44

Все хорошо, думал Филиппов, все хорошо. Скоро она защитит диссертацию, и мы рванем отсюда, только нас и видели. Понятно, что то, что она пишет, совсем не укладывается в привычные, а, главное, нужные рамки: ведь чтобы стать кандидатом наук, лучше наукой вообще не заниматься, вот парадокс нашего времени. Но исключения тоже имеются. Немного маккиавелизма — и дело пойдет. И Анна сама не догадается, где я диссертацию исправил, куда понаставил нужных цитат из нужных классиков от науки.

Она вряд ли и перечитает свою работу— характер такой: все, что отдает рутиной ей уже скучно. Увлекает только сам процесс исследования, гипотеза, акт познания, одним словом. Я возьму у нее текст и доведу до ума.
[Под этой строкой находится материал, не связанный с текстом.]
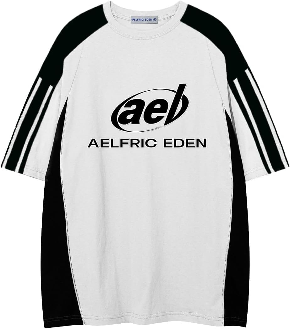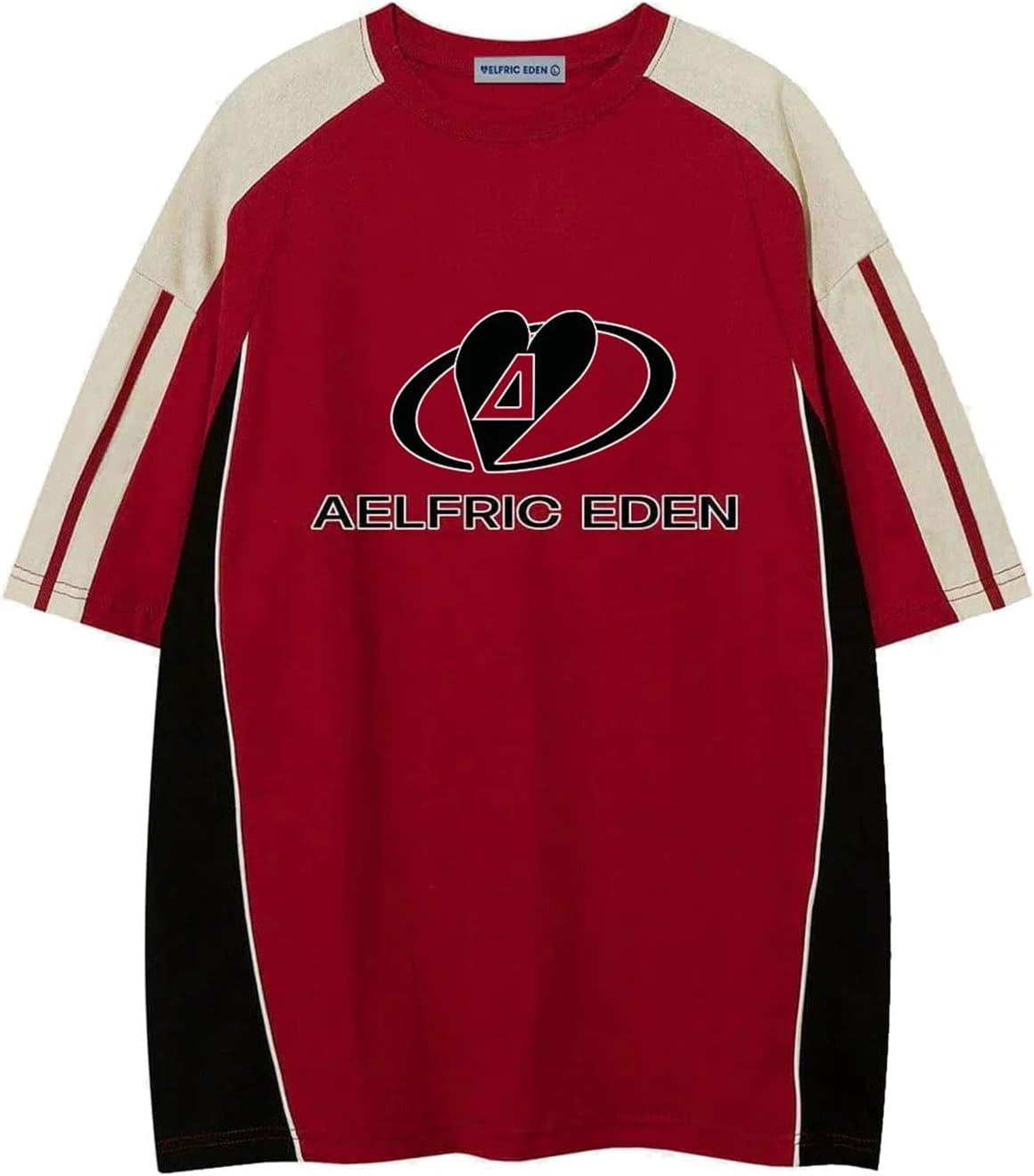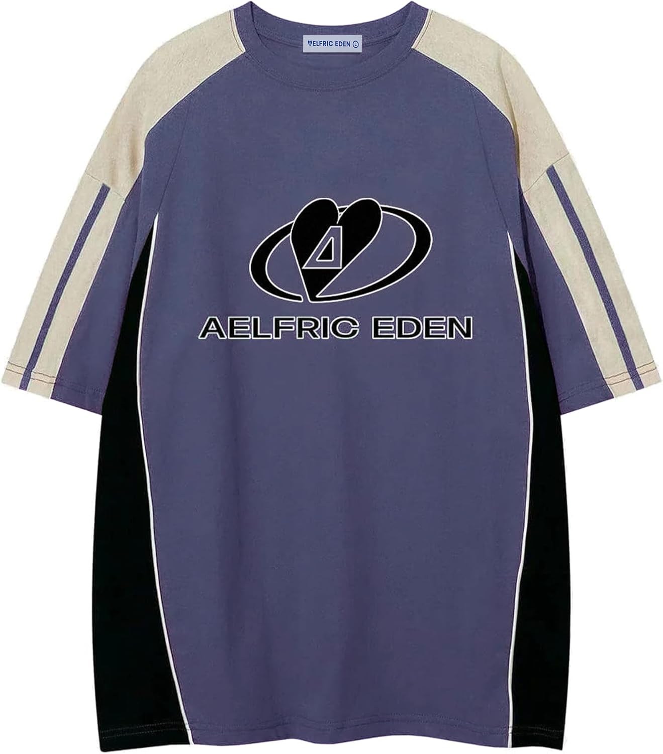 Aelfric Eden Oversized Graphic Tees Men Contrast Color Speedway Racing Tee Unisex Streetwear Tshirt Patchwork Polo Tee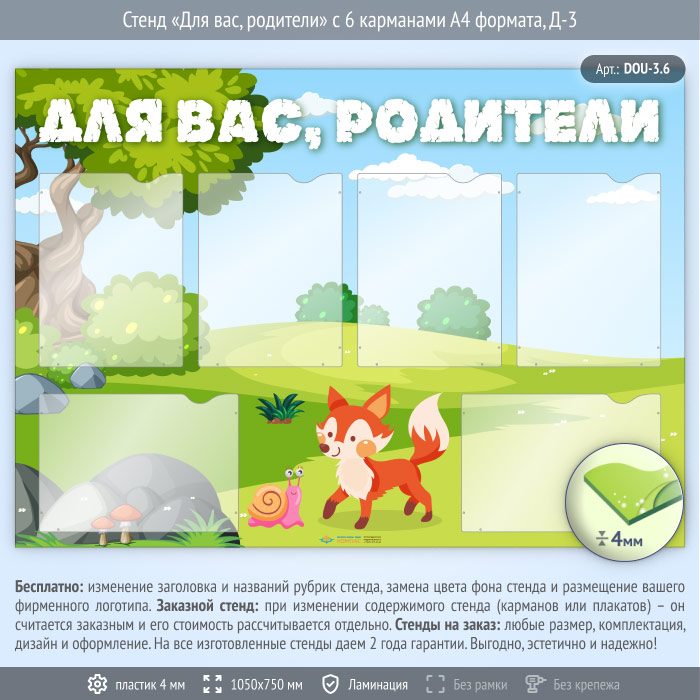 Стенд «Для вас, родители» с 6 карманами А4 формата (DOU-3.6) в Кызыле купить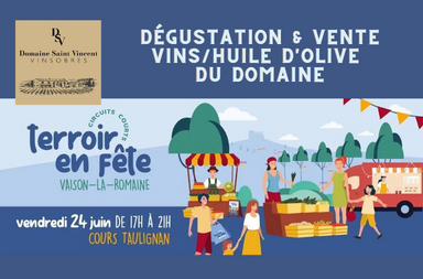 Le Domaine Saint Vincent participera à Terroirs en Fête, marché des terroirs de producteurs locaux, organisé par la ville de Vaison-la-Romaine, le Vendredi 24 Juin 2022 de 17h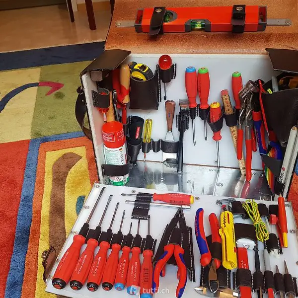 Verlaufe eine in der Schweiz produzierte Werkzeugtasche aus Leder.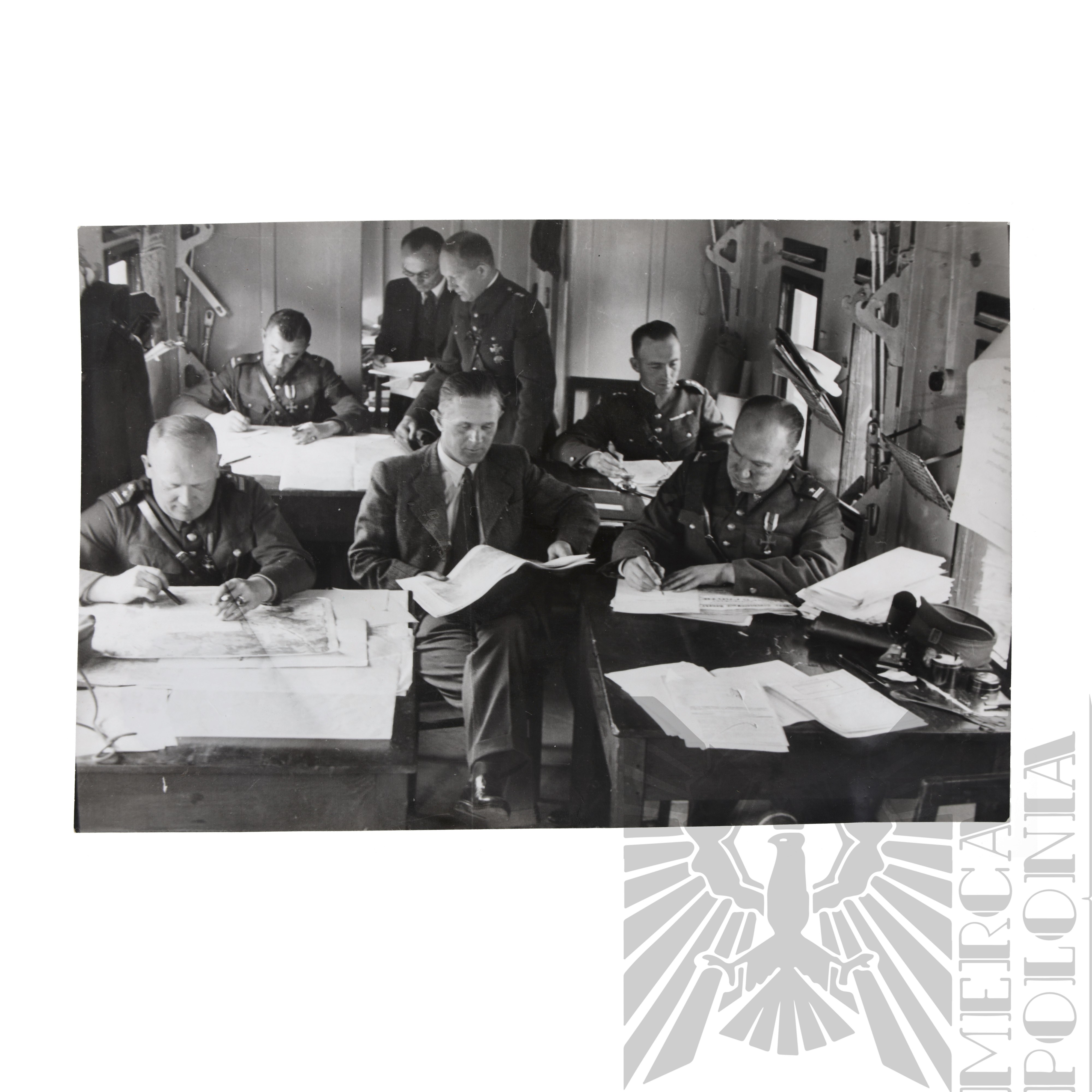 Fotografia oficerów pracujących nad mapami, dobrze widoczne umundurowanie wz.36, na piersi jednego z oficerów widoczny krzyż Virtuti Militari. Obok niego oficer z widocznym Krzyżem Walecznych.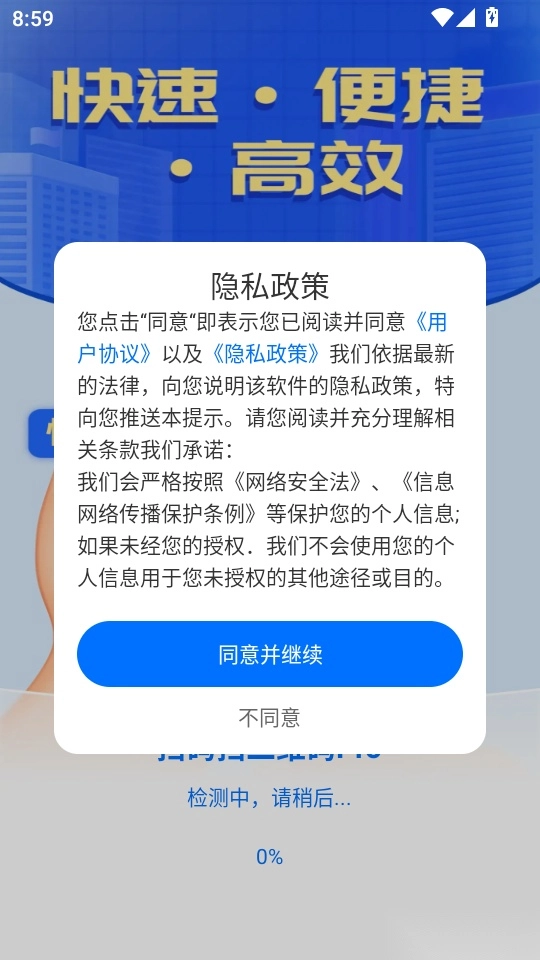 1.首先打开软件阅读“隐私政策”后,点击“同意并继续”按钮进入

Филиппов лежал на кушетке, на втором этаже дачи. Кончался май, многие уже переселились в поселок. И Филиппов перевез своих. Соседи — любопытная пара: она — тридцатилетняя красавица, а он — очень уже немолодой полуеврей, известный в городе журналист, пока боялись ехать за город из-за нашествия клещей. Сам Прамчук тоже мерзких этих насекомых побаивался: от энцефалита, вызванного укусом цепкой твари, за четыре дня умчался на тот свет главный архитектор города. Клещи яростно кидались на людей именно в мае-июне. Было их здесь превеликое множество. Филиппов, однако, не обращал на этих крохотных носителей смерти никакого внимания. Он вырос в деревне, а деревенские коровы приносили клещей десятками с лугов, где паслись днем, и в детей деревенских клещи впивались почем зря. Но все были живы. Да и не болел от клещей никто: мать Филиппова полагала, что в молоке укушенных коров вырабатывается противоядие, она вообще склонна была к размышлениям о жизни и о природе, о хрупком человеческом теле и его могучем духе.… С двумя деревенскими старухами, одна из которых была вдовой местного фельдшера, вела мама долгие беседы; и старухи, надо отдать им должное, так же серьезно размышляли о Боге и о смысле человеческого бытия… Мышление их было во многом мифологично: вера в Домового переплеталась с верой в иные космические миры, и оттого, к примеру, правительство тоже воспринималось ими как нечто далекое, нереально-придуманное, и наделялось чертами не просто положительными, но почти архаично-сказочными. Старухи не задумывались, хороши их правители или плохи, потому что изначально те, кто оказывались там, наверху, были близки к Небу: они, как Цари, давались свыше, но, в сущности, где-то далеко и высоко и оставались, если и задевая крестьянскую жизнь, то лишь разрушительно — так и Илья-Громовержец мог когда-то покарать земледельца. В остальное же время жизнь текла сама по себе, своей собственной силою и сильна, а правители, сменяя друг друга, пожелтело выглядывали из настенных карманов деревенских туалетов…И Филиппов, с одной стороны, отмечал у себя в отношении к начальству партийному здоровый цинизм, идущий оттуда, из настенного кармана, а с другой — почти мистический подобострастный страх: аж ноги подкашивались, когда по ровной ковровой взлетной полосе, он спешил к небожителям.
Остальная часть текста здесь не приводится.